**Provided data**
-- Opening Marker --
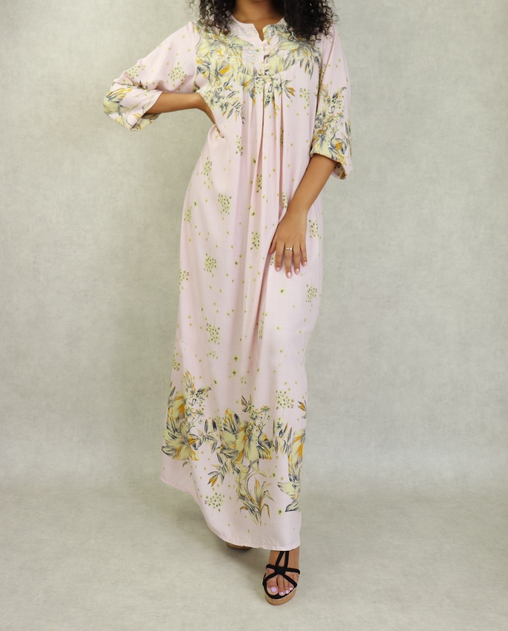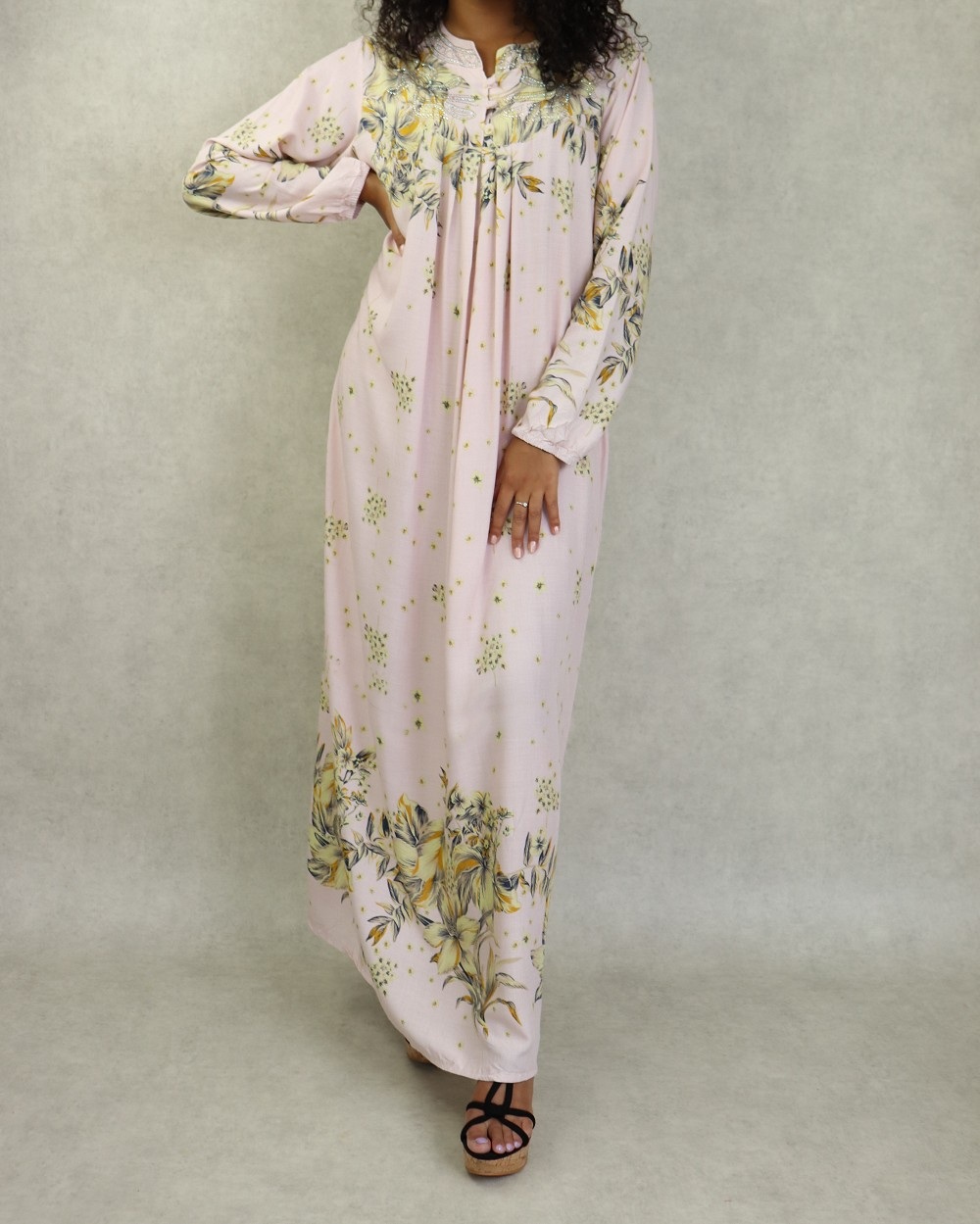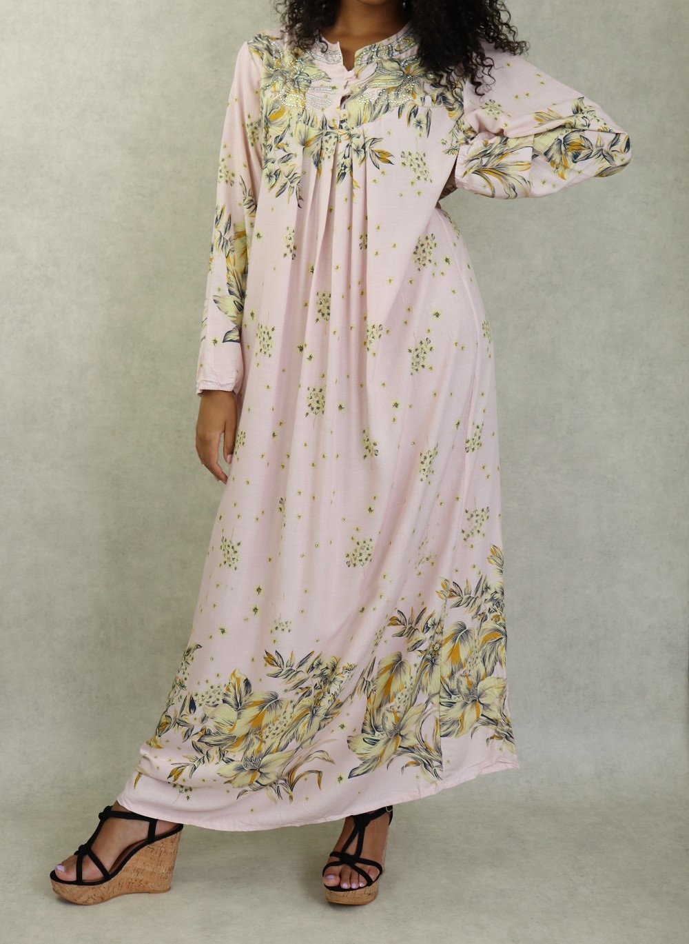 Robe d’intérieur avec motifs à fleurs sur fond rose poudrée. Col rond avec quelques strass et trois boutons décoratifs sur l'avant, manches longues finition élastiques aux poignets, matière douce et agréable.
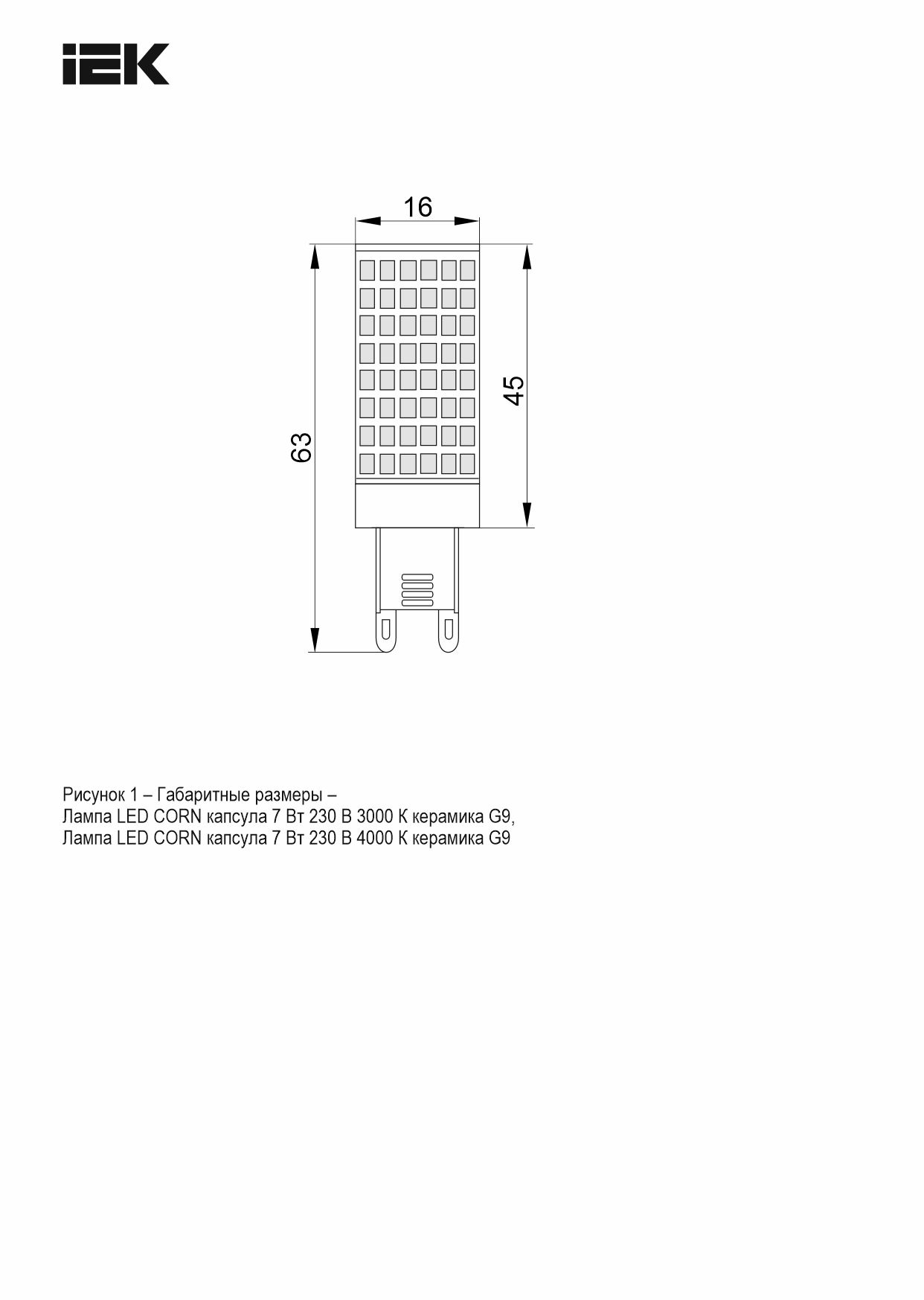 Лампа LED CORN капсула 7Вт 230В 4000К керамика G9 ИЭК
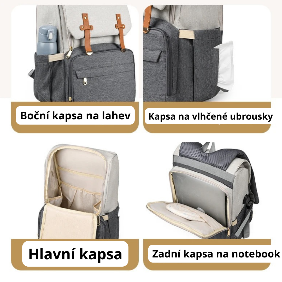 Díky dlouhému vývoji mohl být batoh vyroben s ohledem na opravdové zkušenosti a potřeby maminek, a tak oceníte například boční kapsu s otvorem na vlhčené ubrousky pro každou nenadálou situaci. Žádná maminka nechce ztrácet drahocenný čas, a proto má batoh v přední části termokapsy, které udrží lahvičku s mlékem či polévkou v teple a vy tak můžete miminko nakrmit bez zbytečného zdržování.
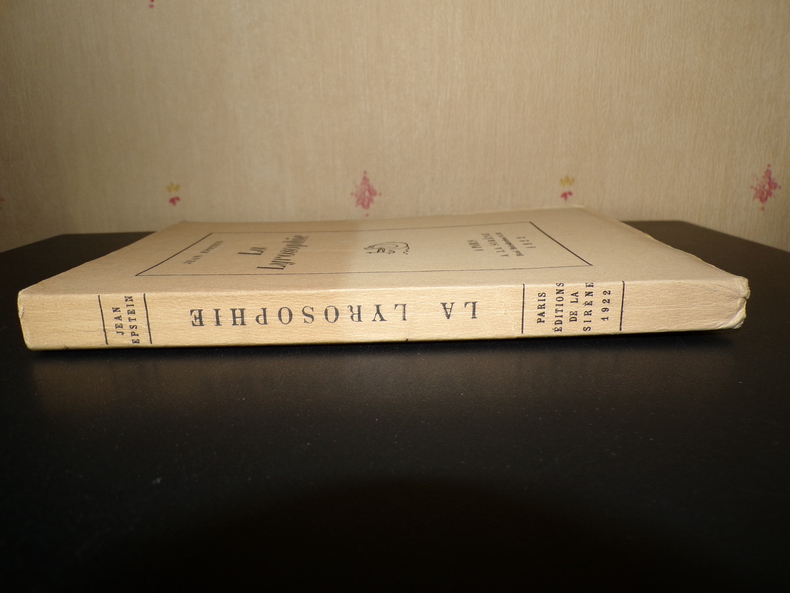 Paris: A la Sirène, 1922 in-12, 230 pages. Broché, couv. avec des rousseurs, autrement très bon état. Bien que la couverture porte la mention "Troisième édition", il s'agit du premier et seul tirage de cet ouvrage (achevé d'imprimé 24 mai 1922), après 25 exemplaire sur Hollande. Le cinéaste Jean Epstein propose dans cet essai le sentiment et la poésie comme système de compréhension de l'univers.
-- Closing Marker --
**Problem to solve**
After removing the pictures, transcribe the listing above exactly.

**Task output**
 Robe d’intérieur avec motifs à fleurs sur fond rose poudrée. Col rond avec quelques strass et trois boutons décoratifs sur l'avant, manches longues finition élastiques aux poignets, matière douce et agréable.
 Лампа LED CORN капсула 7Вт 230В 4000К керамика G9 ИЭК
 Díky dlouhému vývoji mohl být batoh vyroben s ohledem na opravdové zkušenosti a potřeby maminek, a tak oceníte například boční kapsu s otvorem na vlhčené ubrousky pro každou nenadálou situaci. Žádná maminka nechce ztrácet drahocenný čas, a proto má batoh v přední části termokapsy, které udrží lahvičku s mlékem či polévkou v teple a vy tak můžete miminko nakrmit bez zbytečného zdržování.
 Paris: A la Sirène, 1922 in-12, 230 pages. Broché, couv. avec des rousseurs, autrement très bon état. Bien que la couverture porte la mention "Troisième édition", il s'agit du premier et seul tirage de cet ouvrage (achevé d'imprimé 24 mai 1922), après 25 exemplaire sur Hollande. Le cinéaste Jean Epstein propose dans cet essai le sentiment et la poésie comme système de compréhension de l'univers.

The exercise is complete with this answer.